ImageMy father was born in the small village of Hamre Hamereb in the northern region of Eritrea, a small nation along the Red Sea. The exact date of his birth and all others of his generation and older are unknown, and so he assumed the date of September 12, 1960 upon his arrival to America. My father has lived more life thus far than most do in all their time on this earth. He has seen and experienced the best and worst of human nature and was more than happy to sit down with me to rehash the same stories I’ve heard since I was a little girl.

My grandfather Ghebrendrias and my grandmother Hiwet had seven children: Wizinet, Teklit, Timneet, Berhe, Guoye, Teklia, Abadit, and Mungesteab. As third youngest, my father Teklia spent much of his childhood without the guidance of his older siblings, and instead was responsible for the care of his younger siblings, aging parents and the expansive farm. As a young boy, he hiked for over two hours to reach the primary school atop the mountain behind his village. Once home, he had to herd the cattle and the goats. During his summers he would travel for days on foot as a peddler. It was an exhaustive life for a child with little to eat, and the constant threat of violence at the hands of the brutal Ethiopian troops who were rapidly expanding their ruthless regime into the rural areas. Once my father graduated primary school, he was sent to the city of Keren, where he was to complete his secondary education. Unfortunately, the Ethiopians mandated many of the schools to close, and so after the eleventh grade my father decided to join the armed struggle. In 1980 he and some friends traveled to the city of Elabored to pick up weapons and receive military training. General Efrem who was in charge of managing recruits had left the city and my father was instructed to visit another city for instructions. At this point in the revolution, there were so many volunteers there weren’t enough resources, and my father was told to stay home, help educate locals, and wait to be recruited. In 1982 they came for him but he no longer wanted to fight and left the training camp one week into his military training and eventually traveled to Sudan two months later.

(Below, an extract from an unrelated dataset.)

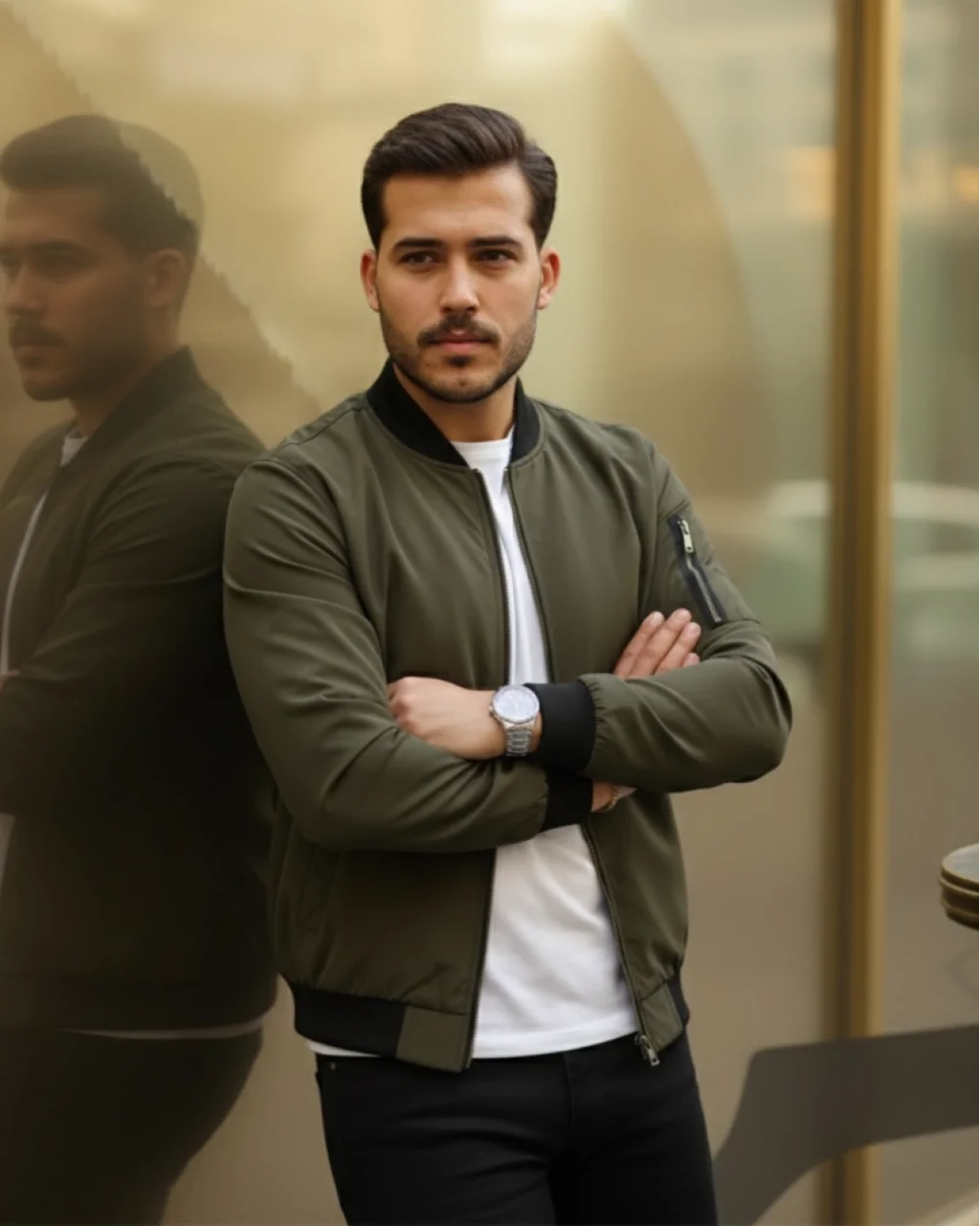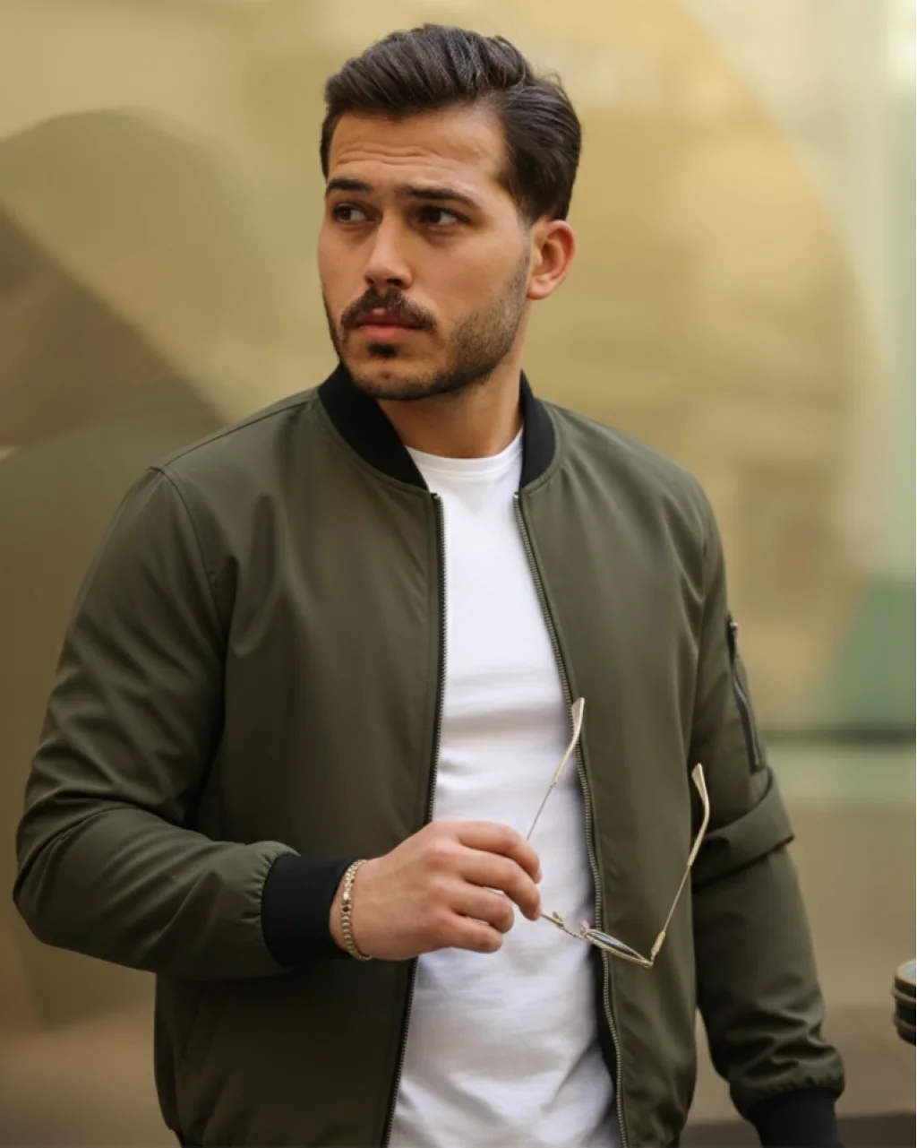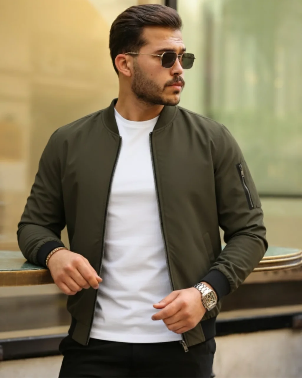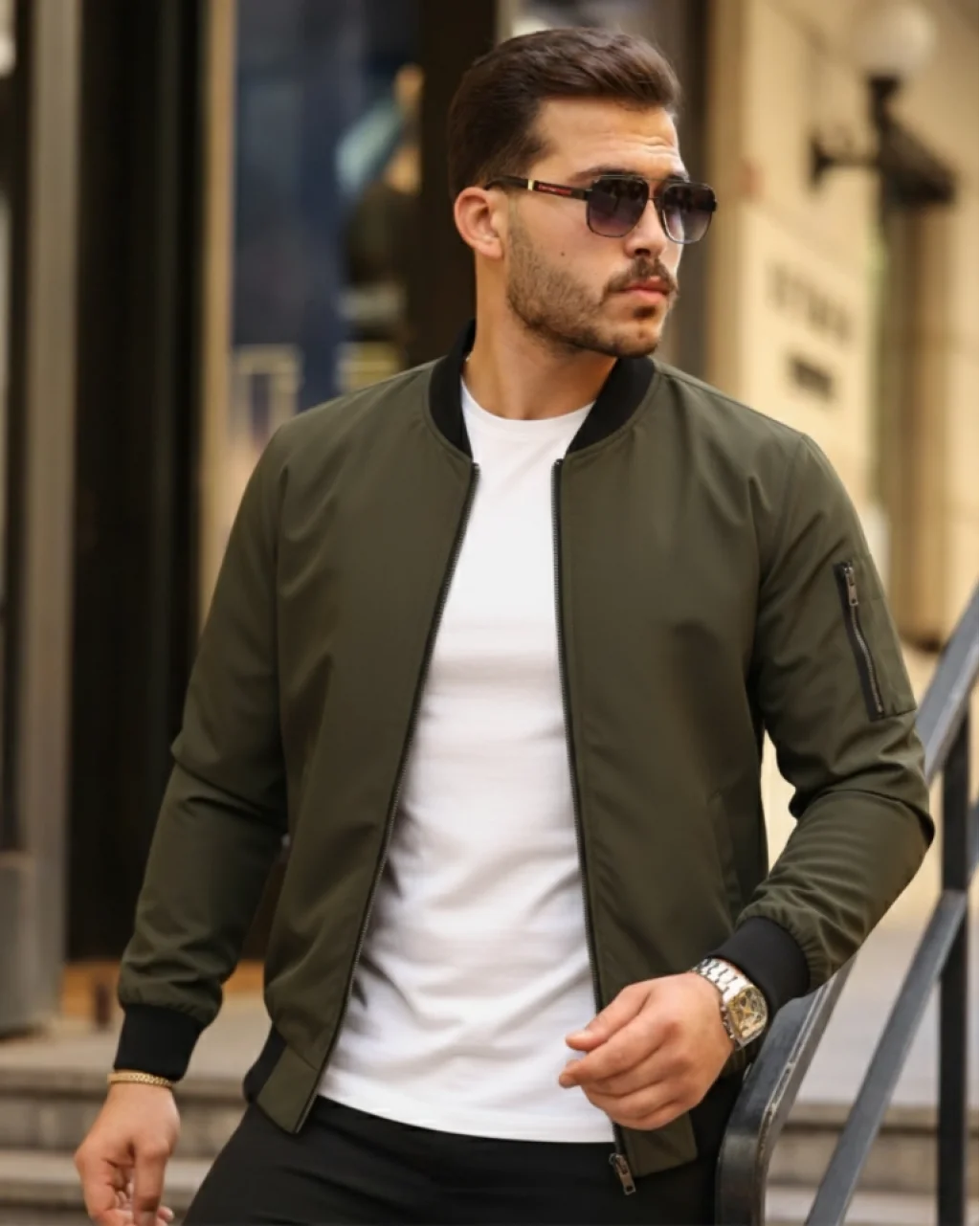 Erkek Içi Astarlı Fermuarlı Bomber Mont Ceket - Haki

While he worked excruciating hours in a tire factory in Sudan and searched for a sponsor, my mother and my eldest sister prepared to leave the country as well. My father married my mom at the age of twenty in 1980, after their fathers arranged the wedding. They met on their wedding night and have been married for over 30 years now.

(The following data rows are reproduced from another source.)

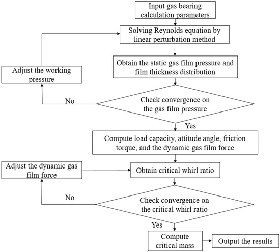 The calculation flow chart for this method is shown in Figure 2. First, the calculation parameters are input. The Reynolds equation is solved using the linear perturbation method, and the static gas film pressure and thickness distribution are obtained. Then, the convergence for the gas film pressure is checked. After the pressure converges, the load capacity, deflection angle, friction moment and dynamic gas film force are computed. Next, the critical whirl ratio is calculated, and its convergence is checked. Afterwards, the critical mass is computed. Finally, the calculation results are output.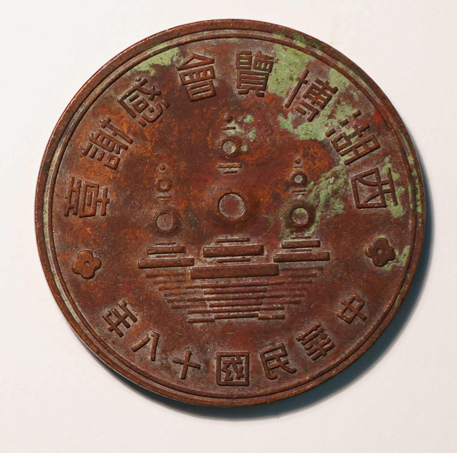 1929 West Lake Exposition commemorative medal. (diameter 5 cm).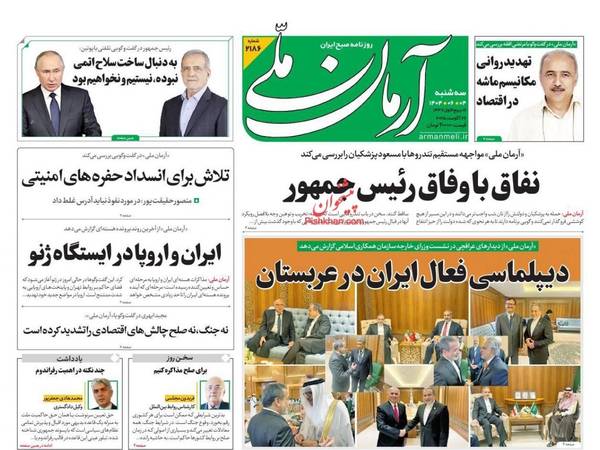 سلطت الصحف الإيرانية الصادرة اليوم الثلاثاء 26 أغسطس (آب)، الضوء على التحولات متعددة الأبعاد التي تشهدها إيران، والتي تتراوح بين المفاوضات النووية الحاسمة في جنيف، والأزمات الاقتصادية التي تهزّ أسواق المال، والجدل حول المواقف السياسية لمسؤولين كبار.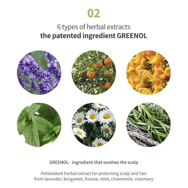 - Contains the natural patented herbal composition Greenall, which protects and restores hair, is an antioxidant and has a soothing effect on the scalp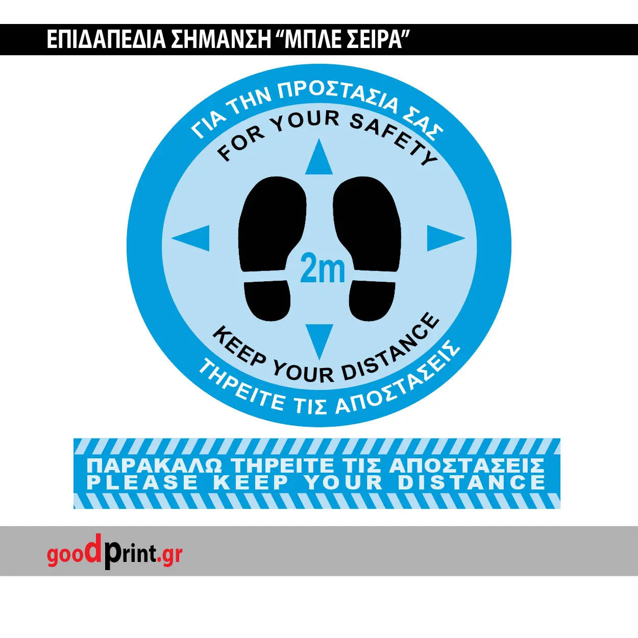αυτοκόλλητο με πλαστικοποίηση floor graphics για καλύτερη πρόσφυση και αντιολισθητική ικανότητά του υλικού με βάση και τις οδηγίες προστασίας.

My parents and sister were sponsored by a Eureka based Methodist church, and stayed with a host family for six months. They then moved into government housing while my dad worked full time jobs and attended school. He initially went to Eureka Adult school while he worked as a paper boy and assistant in a nursing home for six months. He transferred to the College of Redwood in 1985 followed by Humboldt State for two years where he worked in the campus science labs feeding the animals and cleaning lab equipment. From 1989 to 1992 he attended pharmacy school at the University of the Pacific. While his initial dream was to go to medical school, he had responsibilities at home, mounting school loans, and a strong desire to be completely independent and off government assistance. I was born in Stockton in 1991, and my father moved the family to Fresno in 1993 once he secured a job as a pharmacist in local Wal-Mart stores.

Once in America, my father never considered returning to Eritrea permanently because of the never-ending war with Ethiopia. Instead, he worked tirelessly to support not only his family here in the States, but also the many people back home in Eritrea who were dependent on him. He and my mother have visited Eritrea sporadically over the years, the most recent trip was this summer and included both my dad and myself.

There are many stereotypes of Black men that plague this nation. The common one revolves around the deadbeat father who is in and out of prison and reliant on government handouts. My father’s story contradicts each of these stereotypes and his life serves as a prime example of how people of color can transcend the barriers placed before them.

He abandoned his dream of becoming a doctor to provide for his family financially, emotionally, and physically be present. Pharmacy allowed him the ability to monetarily support our family abroad and help to repay the many loans he accrued as a college student. Growing up, we didn’t see our father as much as we all would have liked because he worked so hard, traveling from city to city in the central valley wherever a pharmacist was needed. He wasn’t always available, but not because he was a deadbeat dad, which is a common stereotype of Black males. There are many men who are not only doing the job of the father but also the mother as well, and oftentimes their struggle is overshadowed by the media’s portrayal of what a Black American male is.

Not every African American is on assistance; the vast majority of people on government assistance are not doing so by choice but by circumstance. There is a general misconception that immigrants, particularly African immigrants, reach America and immediately assimilate into the negative aspects of black culture and become a drain on society. My father and many others like him have maximized their potential in this country. While there is a portion of the immigrant community that does turn to the gang lifestyle, on the whole immigrants like my father show the world that any Black man, when given the opportunity, can be successful.

The benefit my father had, was that his mind was never tainted by the segment of American culture that denies young Black boys the opportunity to dream more for themselves. America for my father was the land of opportunity, but because of rampant stereotypes and prejudices, Black boys grow up with a slanted view of themselves and their potential. To be a strong Black man is deeper than the superficial images we see in movies and on T.V. My dad is a strong Black man because he chose to be more than what his circumstances dictated he could be.